EXTRACTED MATERIAL:
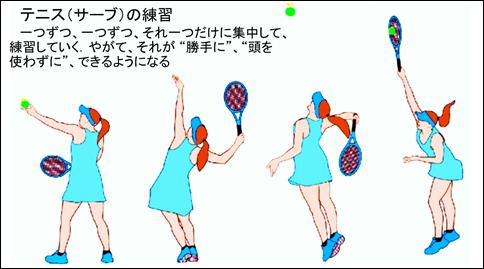 ・テニスの例:スポーツの場合でも、運転の場合と同じことが起こります。テニスのサーブでは、最初は、一つずつの動作について頭を使って、集中して練習をします(下のイラストを参照)。「ボールを少し高めに上げて、ラケットの面がボールと直角になるように振ろうとか、もっと力強く振ろうとか、フォローが大切だとか、すばやく振ろうとか、体の向きにもっと注意をしなければ、など」とかの、サーブ動作の各側面の一つずつに集中して、頭を使いながら、練習していきます。そういう練習を、繰り返していきますと、だんだんと上達していきます(1.)。でもそれだけではなくて、何度も何度も繰り返し練習していくと、すでに、運転や漢字の練習を例にして述べたように、やがて、色々なタイプのサーブを、頭で考えることなく、そうしようと思っただけで、“自動的に” できるようになります(2.)。
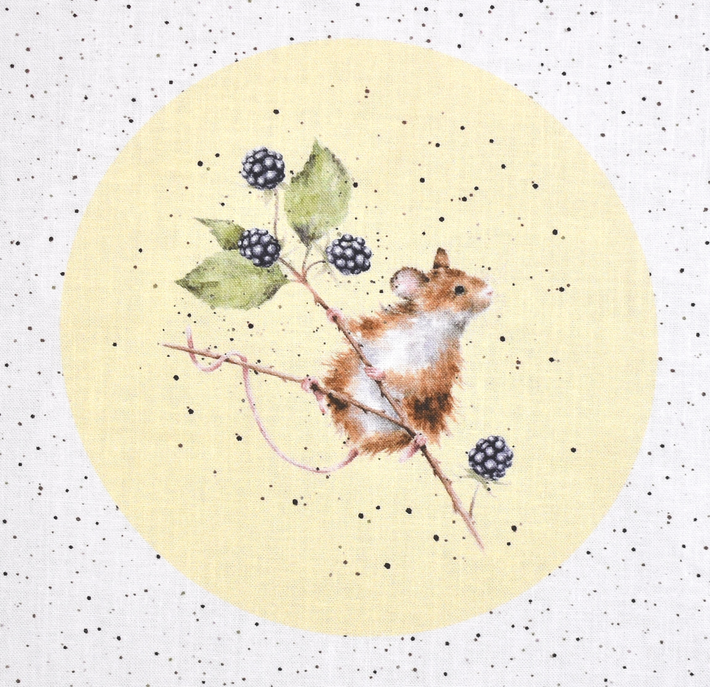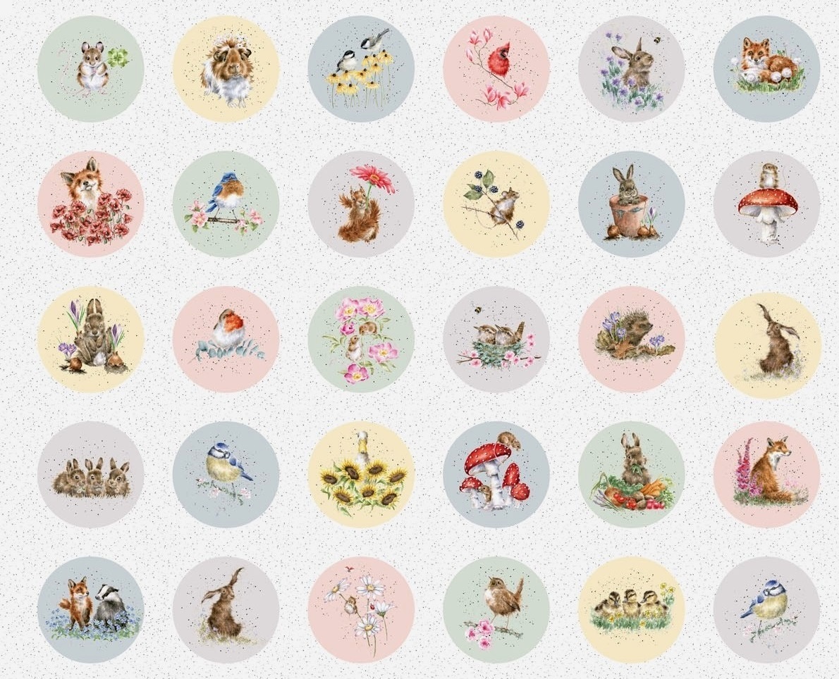 Bezauberndes großes Patchworkstoff-Panel (0,90 m) mit kleinen Tierkindern in runden Bildern aus der Reihe "Bramble Patch".
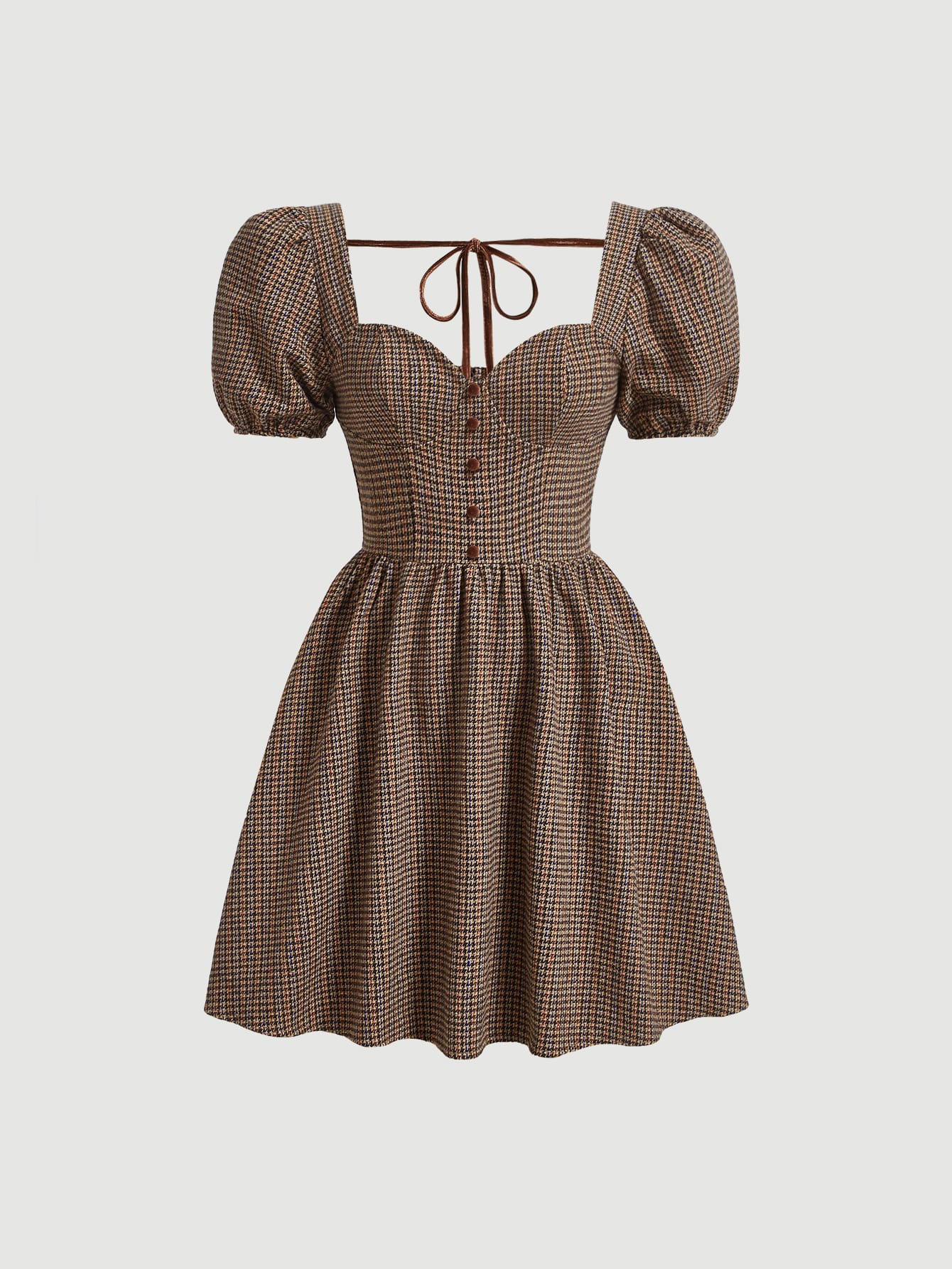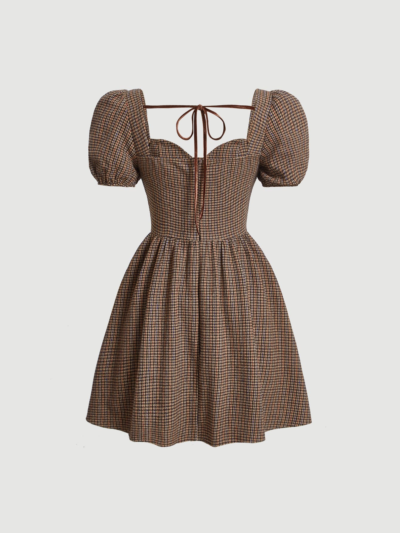 فستان طباعة مربع النقش اكمام منتفخة بربطة ظهر
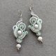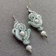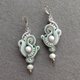 - Beautiful ivory and white earrings are made using soutache embroidery technique. Can be worn as wedding, bridal earrings. Materials: beads, seed beads, soutache cord. The back side is covered with leather. Light weight.
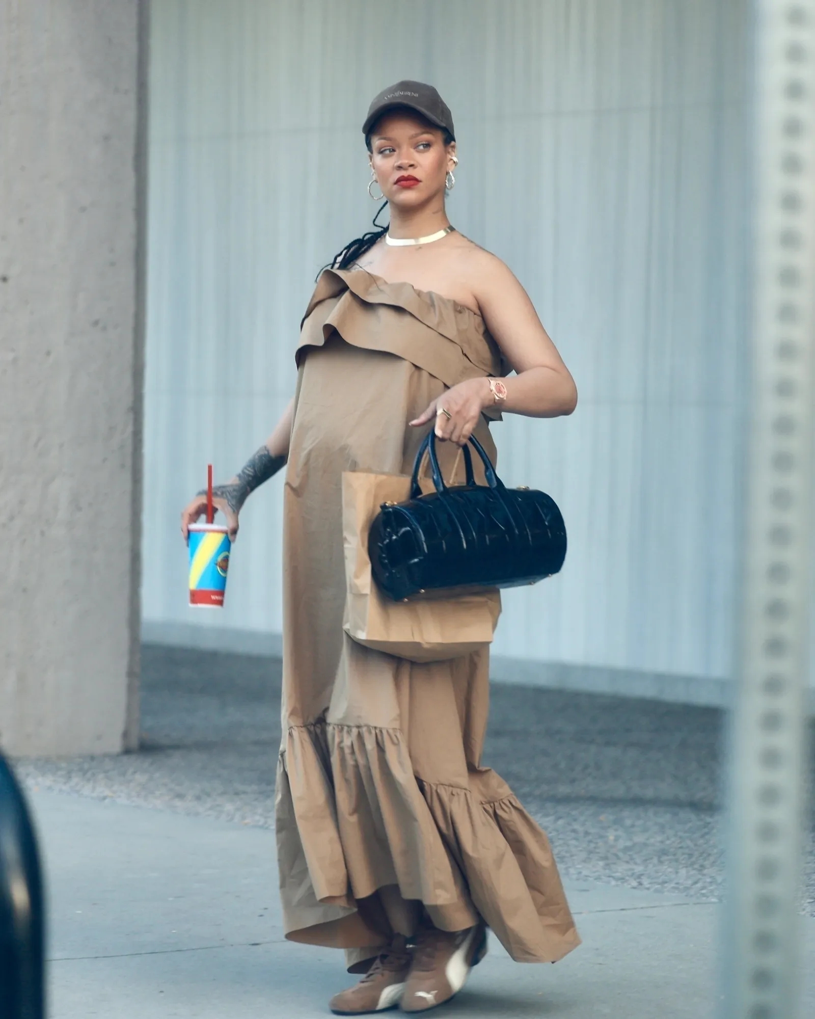 Ali čak i svakodnevni odlazak po fast food zahtijeva modni trenutak — što je Rihanna pokazala noseći Saint Laurent haljinu bez naramenica uz Schiaparelli torbu dok je kupovala burger i piće.

WHAT YOU SHOULD DO:
From the records above, give again only the part that opens with the line containing "فستان طباعة مربع" and closes with the line containing "- Beautiful ivory". Keep both ends but drop the pictures.

EXPECTED OUTPUT:
 فستان طباعة مربع النقش اكمام منتفخة بربطة ظهر
 - Beautiful ivory and white earrings are made using soutache embroidery technique. Can be worn as wedding, bridal earrings. Materials: beads, seed beads, soutache cord. The back side is covered with leather. Light weight.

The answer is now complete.